Finding the Volume of a Solid That Is \(yz\)-simple

Find the volume \(V\) of the solid \(E\) that is enclosed by the cylinder \(y^{2}+z^{2}=4,\) and the planes \(x=0,\) \(z=0,\) and \(x+z=5.\)

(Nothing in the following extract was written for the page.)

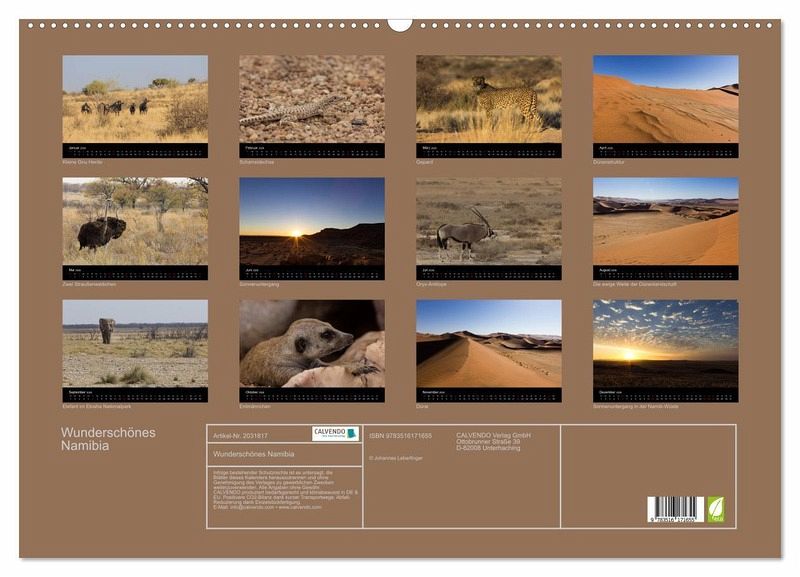 QUALITÄT - Hochwertiger Fotokalender mit 12 wunderschönen Motiven auf lichtbeständigem Bilderdruckpapier, robuste Spiralbindung mit Aufhängebügel.NACHHALTIG - deutliche Abfallreduzierung durch bedarfsgerechte Einzelstückfertigung, umweltfreundliches FSC-zertifiziertes Papier, Produktion in Deutschland, klimabewusste Logistik.PERFEKTES GESCHENK - Kalender für Freunde und Familie, für Kinder und Erwachsene, jung und alt, zu Weihnachten, Geburtstag oder zwischendurch.VIELFALT - Bildkalender in verschiedenen Formaten, z.B. DIN A5, DIN A4, DIN A3 sowie DIN A2. Ob Naturmotiv, Gemälde oder Fotos, ideal für ein persönliches Wohlfühlambiente.Fotos aus dem wunderschönen Namibia von Autor(in): Johannes Garschhammer

Solution Figure 50(a) shows that the solid \(E\) is \(yz\)-simple. The front surface is the plane \(x_{2}(y, z) =5-z\) and the back surface is the plane \(x_{1}(y, z) =0.\) The region \(R\) in the \(yz\)-plane is enclosed by the \(y\)-axis and the semi-circle \(z=\sqrt{4-y^{2}};\) it is \(y\)-simple. So, \(0\leq z\leq \sqrt{4-y^{2}}\) and \(-2\leq y\leq 2.\) See Figure 50(b). The volume \(V\) of \(E\) is given by \begin{eqnarray*} V &=&\iiint\limits_{\kern-2ptE}\,{\it dV}=\iint\limits_{\kern-2ptR}\left[ \int_{x_{1}(y,z)}^{x_{2}(y,z)}{\it dx}\right] {\it dz}\,{\it dy}=\int_{-2}^{2}\int_{0}^{ \sqrt{4-y^{2}}}\int_{0}^{5-z}{\it dx}\,{\it dz}\,{\it dy}\\[4pt] &=&\int_{-2}^{2}\int_{0}^{\sqrt{4-y^{2}} }( 5-z) \,{\it dz}\,{\it dy} =\int_{-2}^{2}\left[ 5z-\dfrac{z^{2}}{2}\right] _{0}^{\sqrt{4-y^{2}}}\,{\it dy}\\[4pt] &=&\int_{-2}^{2}\left( 5\sqrt{4-y^{2}}-\dfrac{4-y^{2}}{2}\right){\it dy}\\[4pt] &=&5\int_{-2}^{2}\sqrt{4-y^{2}}\, {\it dy}-\int_{-2}^{2}\left( 2-\dfrac{y^{2}}{2} \right) {\it dy} \notag \\[4pt] &=&5(2\pi) -\left[ 2y-\dfrac{y^{3}}{6}\right] _{-2}^{2}=10\pi -\dfrac{16}{3} \end{eqnarray*}